As I humbled myself, He drew close.
This encounter was a surgery of its own. With His own gentle hands, Jesus took my heart out of my chest, and cut away all the flesh that trapped sin inside the soul. With a white rag, He then wiped the disease of death out of every crevice in each atrium.
“Moreover the Lord your God will circumcise your heart and the heart of your descendants, to love the Lord your God with all your heart and with all your soul, so that you may live.”
-Deuteronomy 30: 6 (NASB)
So that I might live…
What God desired for me was the beauty of life, eternal life, found only in His love.
Okay, Lord. Let’s do this.
I went under the knife in Tel Aviv, Israel, during the feast of Sukkot. As my Jewish neighbors found covering under the Sukkah, I tabernacled with the Holy Spirit in a hospital recovery room.
Waking up, I noticed dried blood along my hairline. The surgeon had used a metal device to hold my head still. It had punctured my scalp.
His crown of thorns…
Revelation hit. I had shared in His sufferings, and I would share in His glory.
As weak as my body was in that moment, my spirit was strong. He had avenged the vileness of sin, from the inside out.
I am not a hairy beast.
Pure gold, refined by fire, He had restored my beauty.
I am bride, purchased with His blood, adorned in white garments.

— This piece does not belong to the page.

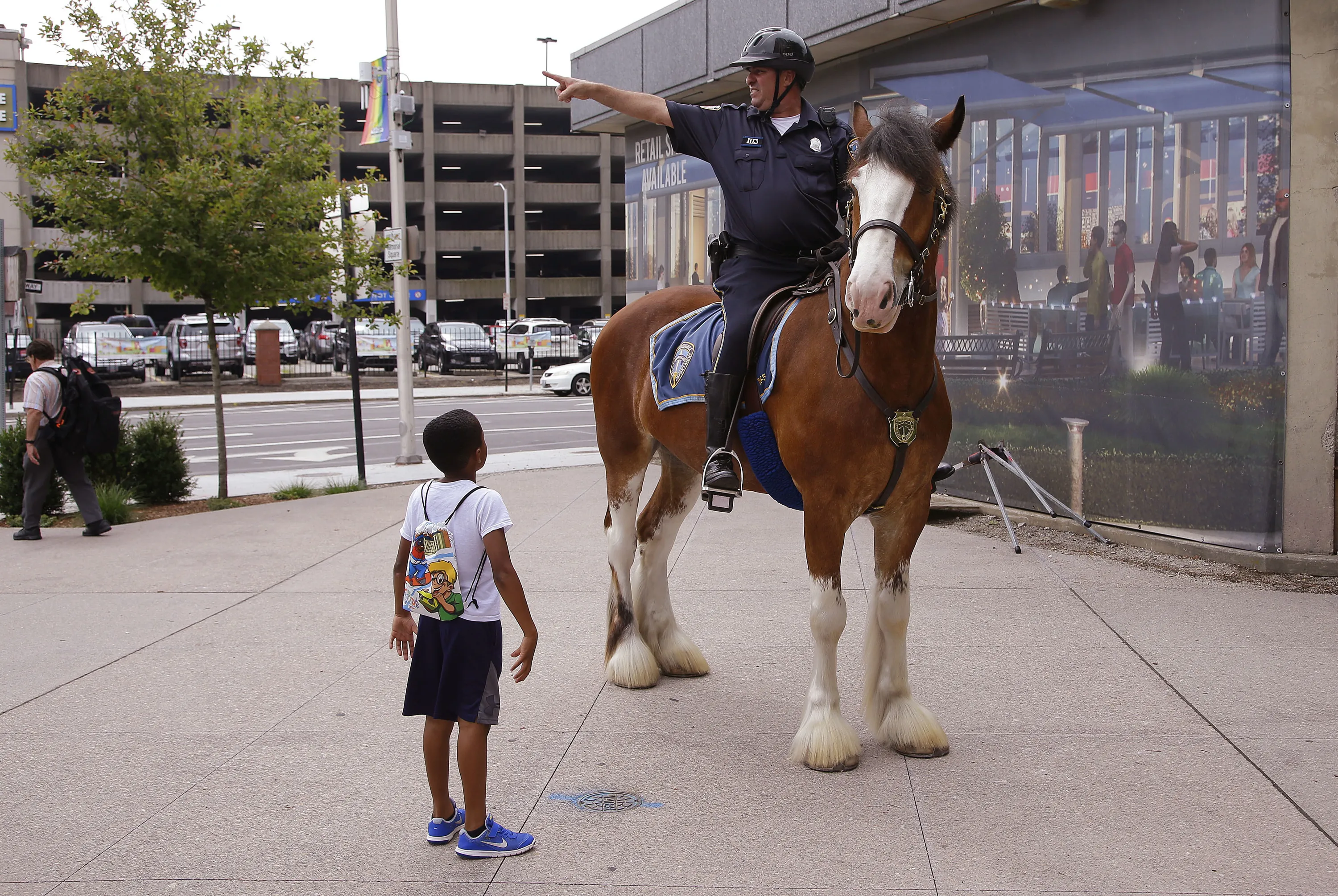 Chaz Samuel, 6, of Virginia, whose mother is attending the National Governor's Association meeting, asks Providence mounted police office Dan Famigliette where the nearest park is that he and his brother can play in accompanied by their nanny during the first day of the National Governor's Association meeting Thursday, July 13, 2017, in Providence, R.I. Officer Famigliette and his Clydesdale “Charlie” are posted along the perimeter of the NGA meeting. (Photo by Stephan Savoia/AP Photo)

The Lord was with my surgeon, who successfully removed the tumor. As months have gone by, body has healed. Now when I look in the mirror, I see a woman with strength in her eyes, and a rounded belly, this time not from disease, but from new life forming in her womb. May the Lord be glorified.
Stand down, Beauty Thief. Stand down.
Yours is a wonder filled story. Thank you for sharing.💕
What a beautiful but all to familiar story. Thank you for sharing your gift words made he experience come to life.
God Bless
It’s so neat you live in Iseral I just found a lady a Christian lady on the internet from their to hand paint matriarch of our church as a gift. She is beautiful inside and out she is 89 and my mentor. We know pastor the church her and her late husband started 38 years ago. They where married 70 years. Gods hand no doubt. It was a blesssing to read your story thank you.

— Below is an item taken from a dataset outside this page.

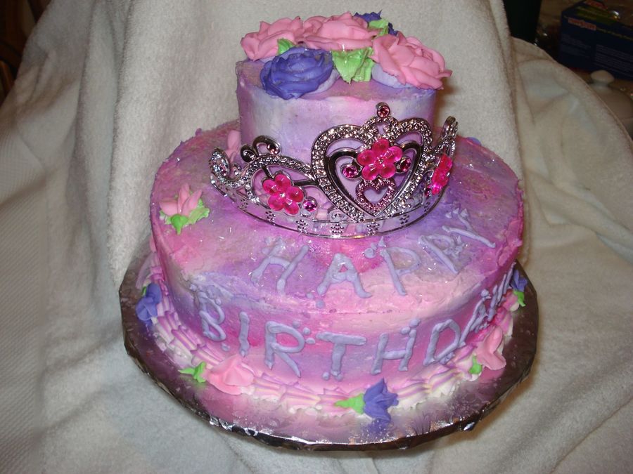 My first sold cake! 6 & 10, covered in BC, airbrushed with pink and purple, BC flowers. Next time I hope to make my own crown.

I Thank God for this testimony. Glory be to the living God.
What a beautiful post! Thanks for sharing your story.
Thanks for sharing this beautifu piece. I am blessed! The Lord shall continually be with you and your family 🙂
I’m in awe of this post. The shadow and wisdom and grace all combined…stunning. Thank you for sharing.
I love this post, Callie. It resonates with me on my own level with my own issues, of body, of mind, and mostly my heart. Thank you for writing this. I can tell this was an offering of words given to the Lord to use. And He has used it.
Beautiful, Callie, beautiful. Thank you for sharing your wonderful heart with us. May God continue to bless you and your growing family.